In order to do this, we will need a list of the unique categories in each dataset. Getting a "set" of category names is probably the way to go.
def get_category_set(dataset, category_column):
category_list = []
for app in dataset[1:]:
category = app[category_column]
if category not in category_list:
category_list.append(category)
return category_list
android_categories = get_category_set(android, and_category_col_num)
ios_categories = get_category_set(ios, ios_category_col_num)
def get_category_installs(category_column_num, review_count_colum_num, dataset):
category_reviews = {}
for app in dataset[1:]:
category = app[category_column_num]
review_count = int(app[review_count_colum_num])
if category in category_reviews:
category_reviews[category] += review_count
else:
category_reviews[category] = review_count
return Counter(category_reviews)
ios_category_review_count = get_category_installs(ios_category_col_num, ios_review_count_col_num, ios)
and_category_review_count = get_category_installs(and_category_col_num,
and_review_count_col_num, android)
Now we will print the top 10 most popular categories by install base.
In order to format the data in an understandable way, the length of the category string is taken into account when determining tabs.
def print_category_review_count(store_name, category_review_count):
print('='*3, store_name, '='*3)
for (cat, count) in category_review_count.most_common(10):
if len(cat) > 20:
print(cat, ': ', floor(count))
elif len(cat) > 12:
print(cat, ': \t', count)
elif len(cat) > 4:
print(cat, ': \t\t', count)
else:
print(cat, ': \t\t\t', count)
print()
print_category_review_count('iOS', ios_category_review_count)
print_category_review_count('Android', and_category_review_count)
=== iOS === Games : 40574984 Social Networking : 4609449 Music : 3783551 Entertainment : 3563035 Photo & Video : 2389089 Shopping : 2260151 Sports : 1587614 Health & Fitness : 1514371 Utilities : 1513363 Weather : 1463837 === Android === GAME : 587120874 COMMUNICATION : 285739629 TOOLS : 229299627 SOCIAL : 227936113 FAMILY : 189627665 PHOTOGRAPHY : 105465239 VIDEO_PLAYERS : 67630663 PRODUCTIVITY : 55418917 PERSONALIZATION : 53249961 SHOPPING : 44553582
According to our analysis of both install base and prevelance of each category of apps, games comes out on top every time. This might indicate creating a game for these platforms could be a good choice. It could also indicate the gaming app market is oversaturated, causing our game to be lost in the abundance.
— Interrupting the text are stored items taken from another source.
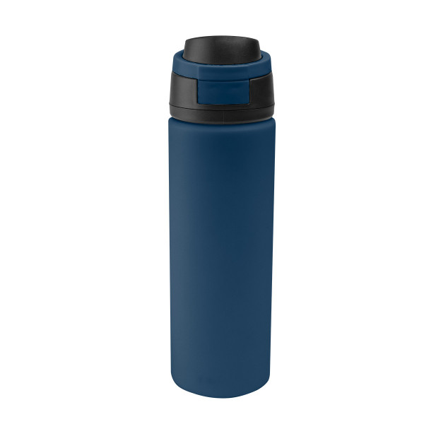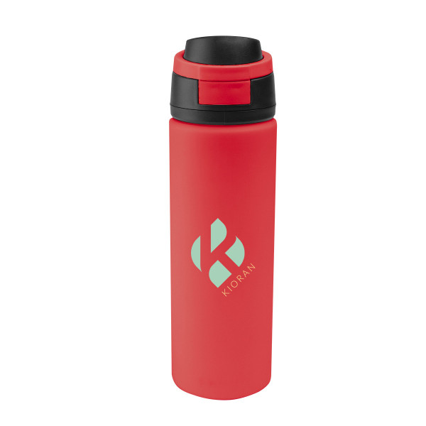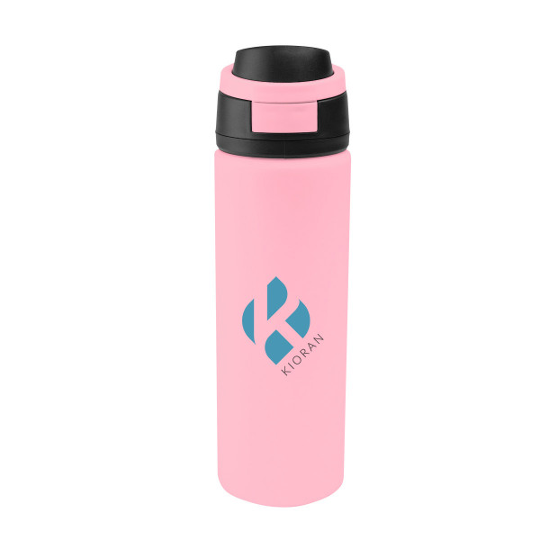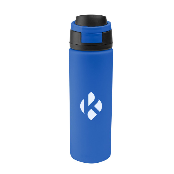 The 24 oz. Pop Sip Recycled Stainless Steel Bottle offers a sustainable and stylish hydration solution for eco-conscious individuals. Crafted from recycled stainless steel with a sleek powder-coated finish, this bottle features a spill-resistant sip-through lid that opens with a simple push button, ensuring convenience on the go. Its easy-carry handle adds to its portability, making it perfect for daily use. As a promotional product, it provides ample space for custom branding, allowing your logo to stand out while promoting environmental responsibility.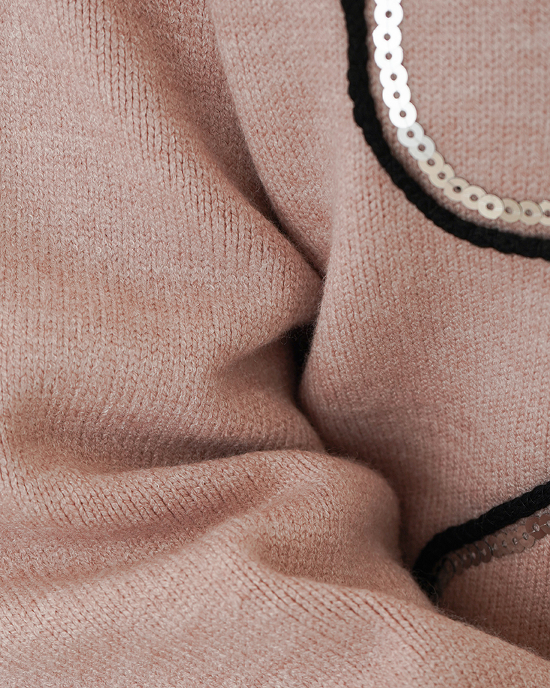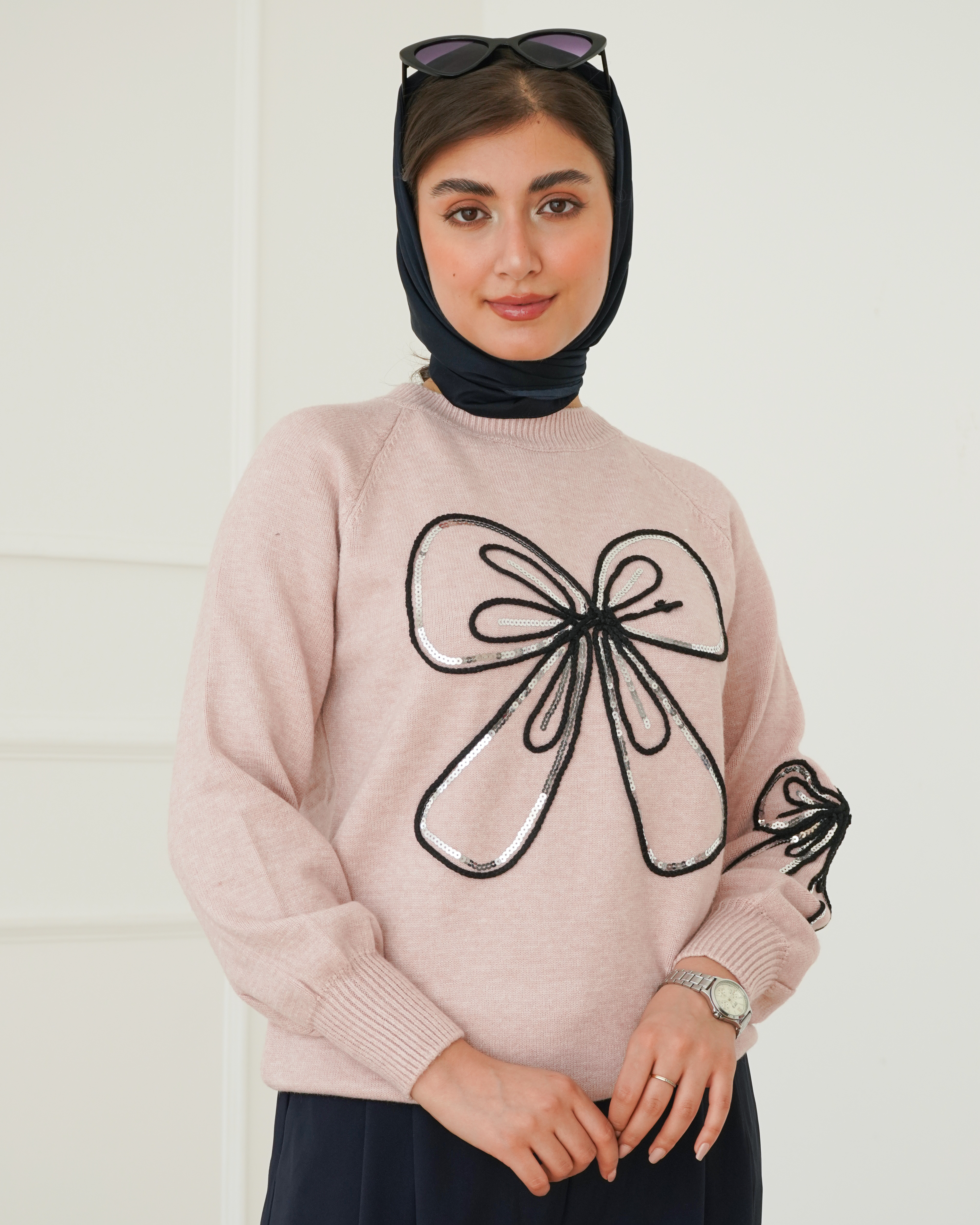 - توضیحات محصول: جنس بلوز، بافت لطبف گرم بالا است. بلوز، یقه گرد و آستین بلند می باشد. طرح های روی بلوز، اپلیکه طنابی و پولکی است. این محصول کشسانی بالایی دارد.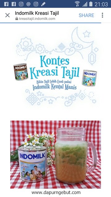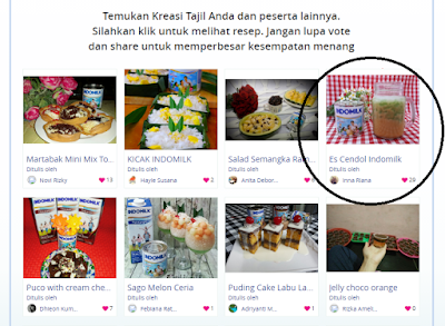 Kontes Kreasi Tajil Indomilk ini baru saja berakhir kemarin. Dan saya alhamdulillah… nggak menang. Tetap bersyukur karena dengan ikut kontes ini, saya jadi tahu banyak teman-teman yang mendukung saya supaya bisa menang. Dalam kontes ini, peserta bisa meminta dukungan vote sebanyak-banyaknya supaya peluang menang lebih besar. Sayang, mekanisme vote-nya sedikit ribet dan banyak peserta yang fotonya memperoleh 0 (nol) vote saja.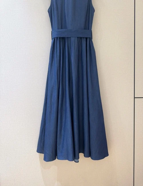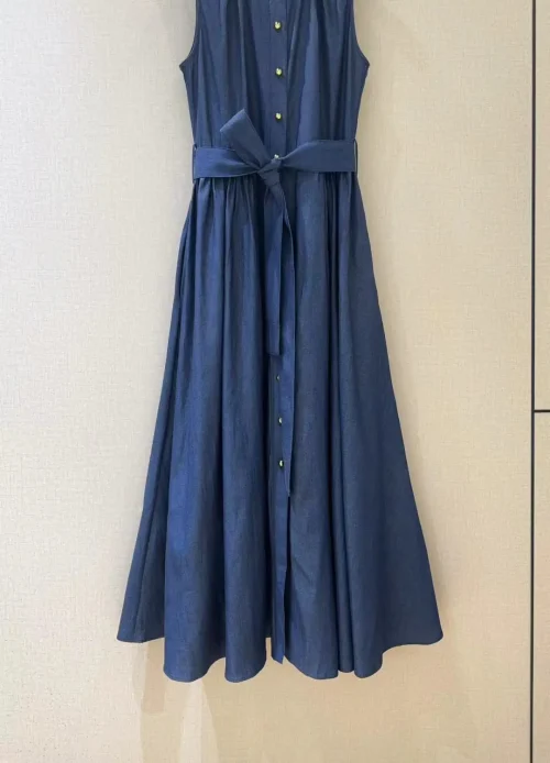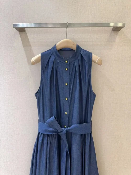 Product Name: 100%Cotton Denim Dress 2025 Summer Style Women Button Front Belt Deco Sleeveless Mid-Calf Length Casual Blue Jeans Dress Vestido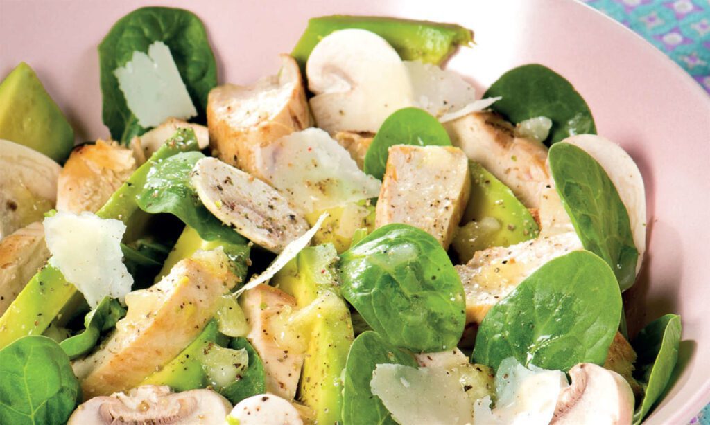 - Pour assembler la salade, disposez les feuilles de salade verte dans un grand saladier. Ajoutez les rondelles de concombre, les tranches d’avocat, les litchis réhydratés et les tranches de poulet grillé.
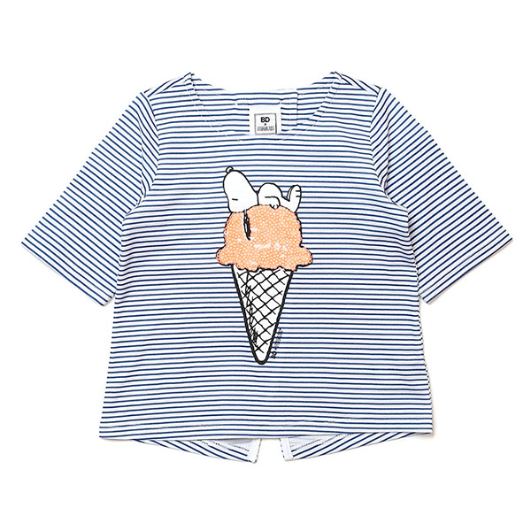 블루독 스누피 크롭 티셔츠는 5부 소매 기장으로 스누피를 포인트로하여 큐트한 스타일 연출이 가능한 제품입니다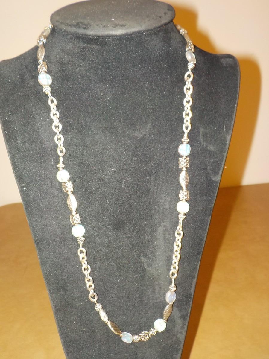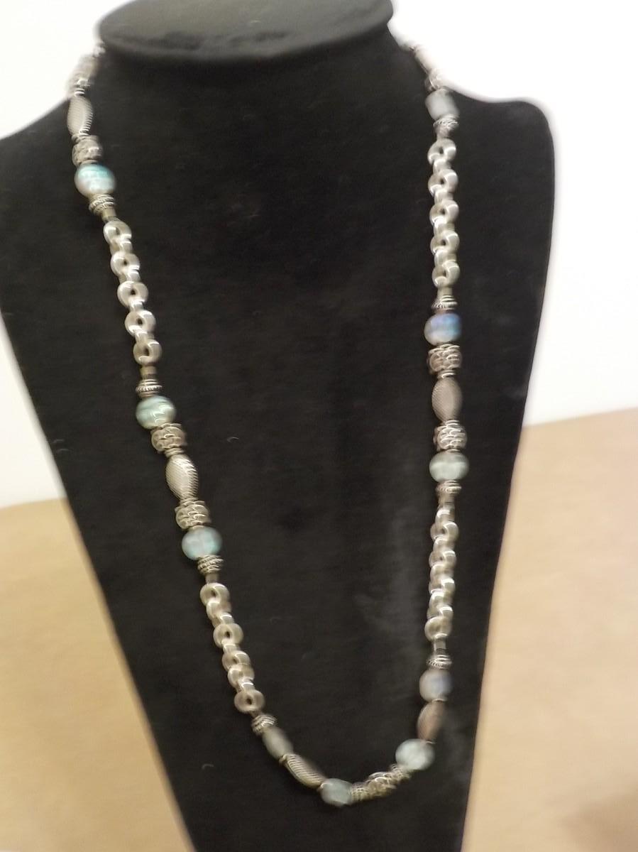22 in. Sterling silver loop and bead necklace.

Social networking is also pretty popular, but might be more difficult to break into because social media users are set in their ways and the major companies are established and have a loyal user base.
A good safe bet appears to be photo & video apps. They are reasonably popular on both platforms, but not to the point that they are too common.